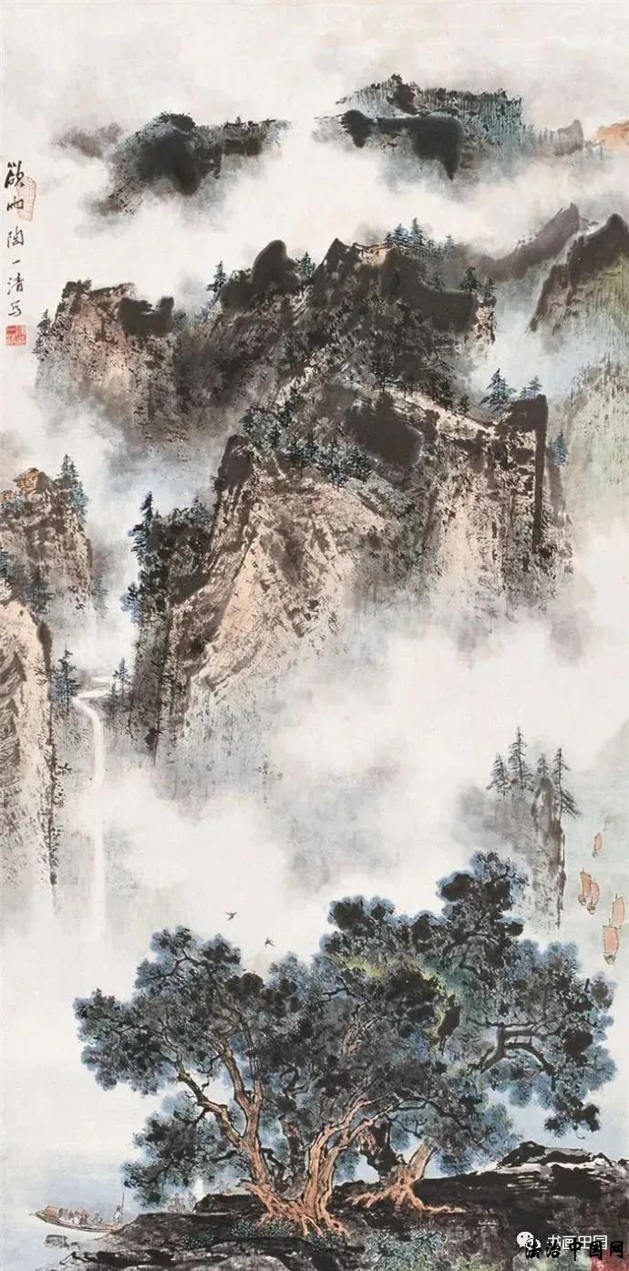 陶一清先生的山水作品既有典雅的韵味,又有时代的气质,其作品无论是峰峦叠嶂、屋阁人物,亦或是飞泉流瀑,浮云远帆,无不体现画家对传统绘画意境的倾心和追慕。
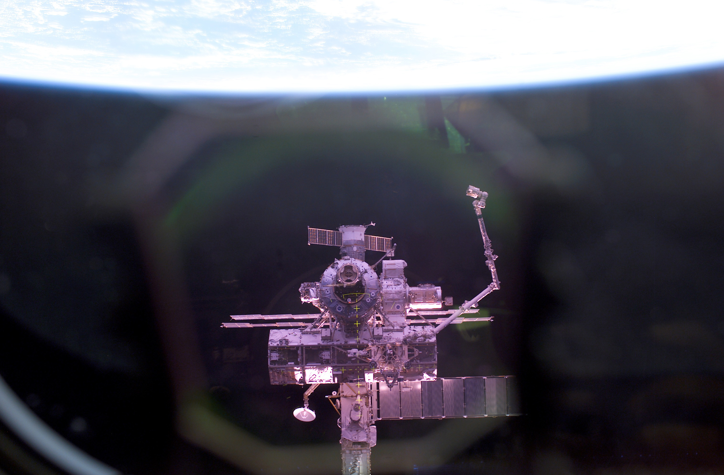 This view of the International Space Station (ISS) was photographed by an STS-112 crew member aboard the Space Shuttle Atlantis during rendezvous and docking operations. Launched October 7, 2002 aboard the Space Shuttle Orbiter Atlantis, the STS-112 mission lasted 11 days and performed three sessions of Extra Vehicular Activity (EVA). Its primary mission was to install the Starboard (S1) Integrated Truss Structure and Equipment Translation Aid (CETA) Cart to the ISS. The S1 truss provides structural support for the orbiting research facility's radiator panels, which use ammonia to cool the Station's complex power system. The S1 truss, attached to the S0 (S Zero) truss, installed by the previous STS-110 mission, flows 637 pounds of anhydrous ammonia through three heat rejection radiators. The truss is 45-feet long, 15-feet wide, 10-feet tall, and weighs approximately 32,000 pounds. The CETA is the first of two human-powered carts that will ride along the railway on the ISS providing a mobile work platform for future extravehicular activities by astronauts.
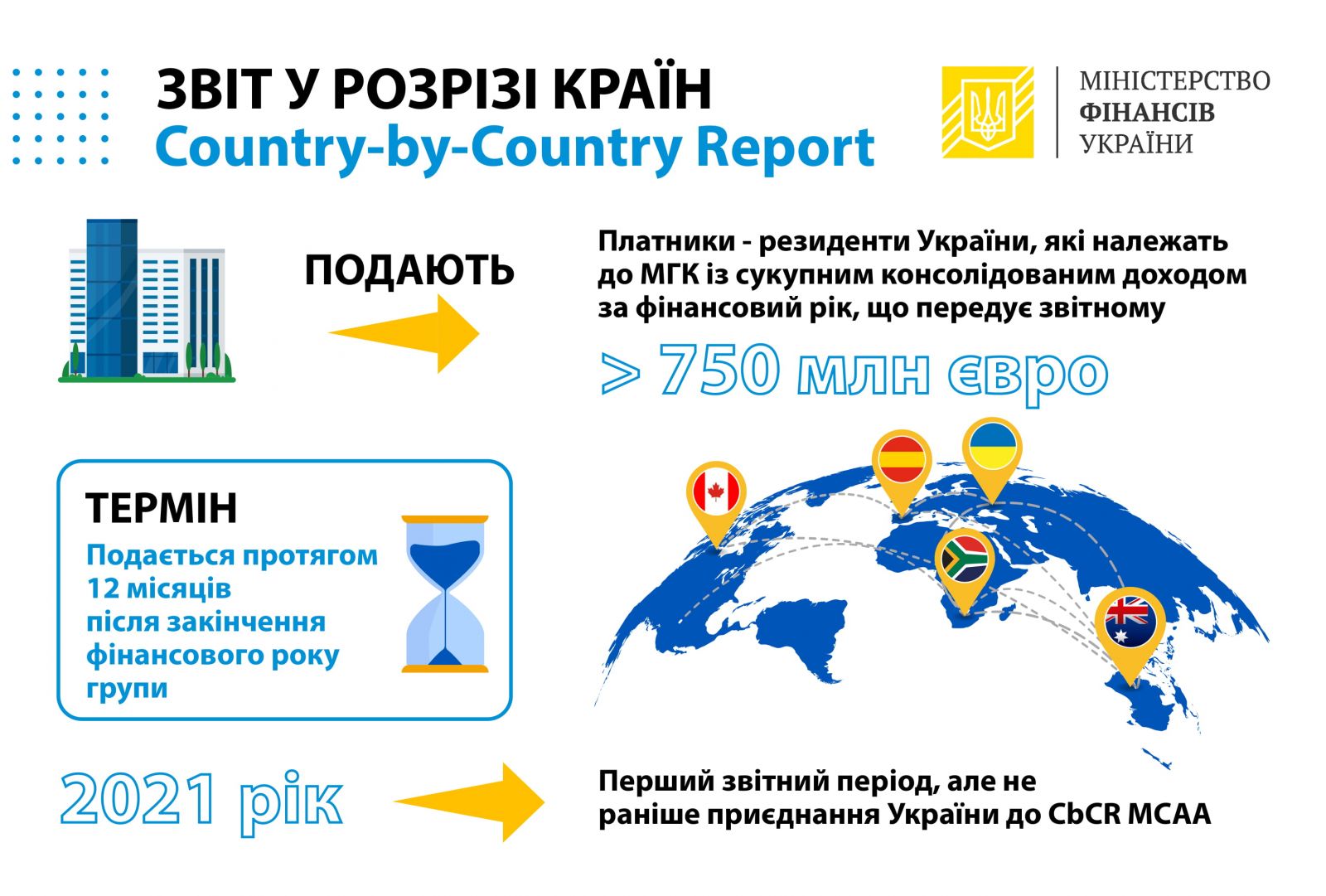 Від сьогодні, 19 лютого, набув чинності наказ Мінфіну від 14.12.2020 № 764, яким затверджено форму та порядок подання звіту в розрізі країн міжнародної групи компаній (Country-by-Country Report).
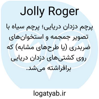 📌 پرچمی که توسط دزدان دریایی برافراشته میشود و طرح آن از یک جمجمه سفید و دو استخوان ضربدری در زمینهای سیاه تشکیل شده است.
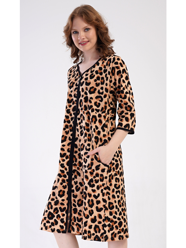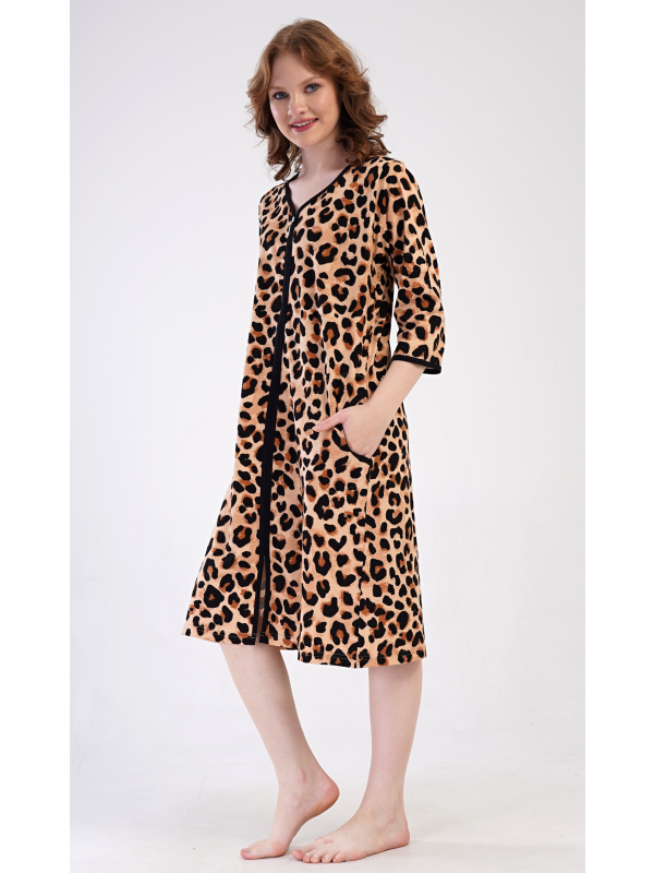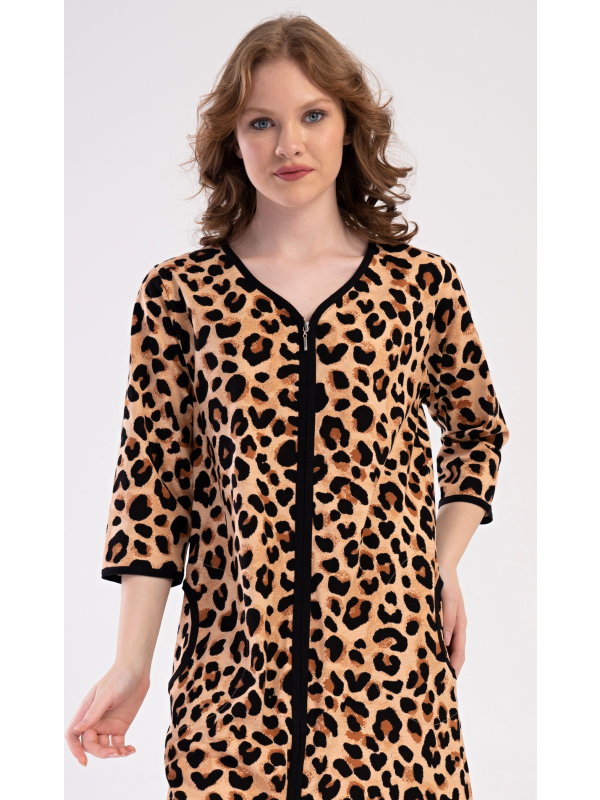 Dámské bavlněné domácí šaty s tříčtvrtečním rukávem Leopard. Pohodlné rozepínací šaty v příjemné délce pod kolena využijete téměř při všech volnočasových aktivitách. Mají praktické kapsy a zapínání na zip. Šaty jsou potištěny leopardím motivem. Použitý bavlněný materiál je příjemný a poddajný na dotek.

------

**Task instructions**: The lines from the top of the data above through the one holding "تشکیل شده است." are to be repeated exactly, and only those, with no pictures.

**Expected answer**:
 陶一清先生的山水作品既有典雅的韵味,又有时代的气质,其作品无论是峰峦叠嶂、屋阁人物,亦或是飞泉流瀑,浮云远帆,无不体现画家对传统绘画意境的倾心和追慕。
 This view of the International Space Station (ISS) was photographed by an STS-112 crew member aboard the Space Shuttle Atlantis during rendezvous and docking operations. Launched October 7, 2002 aboard the Space Shuttle Orbiter Atlantis, the STS-112 mission lasted 11 days and performed three sessions of Extra Vehicular Activity (EVA). Its primary mission was to install the Starboard (S1) Integrated Truss Structure and Equipment Translation Aid (CETA) Cart to the ISS. The S1 truss provides structural support for the orbiting research facility's radiator panels, which use ammonia to cool the Station's complex power system. The S1 truss, attached to the S0 (S Zero) truss, installed by the previous STS-110 mission, flows 637 pounds of anhydrous ammonia through three heat rejection radiators. The truss is 45-feet long, 15-feet wide, 10-feet tall, and weighs approximately 32,000 pounds. The CETA is the first of two human-powered carts that will ride along the railway on the ISS providing a mobile work platform for future extravehicular activities by astronauts.
 Від сьогодні, 19 лютого, набув чинності наказ Мінфіну від 14.12.2020 № 764, яким затверджено форму та порядок подання звіту в розрізі країн міжнародної групи компаній (Country-by-Country Report).
 📌 پرچمی که توسط دزدان دریایی برافراشته میشود و طرح آن از یک جمجمه سفید و دو استخوان ضربدری در زمینهای سیاه تشکیل شده است.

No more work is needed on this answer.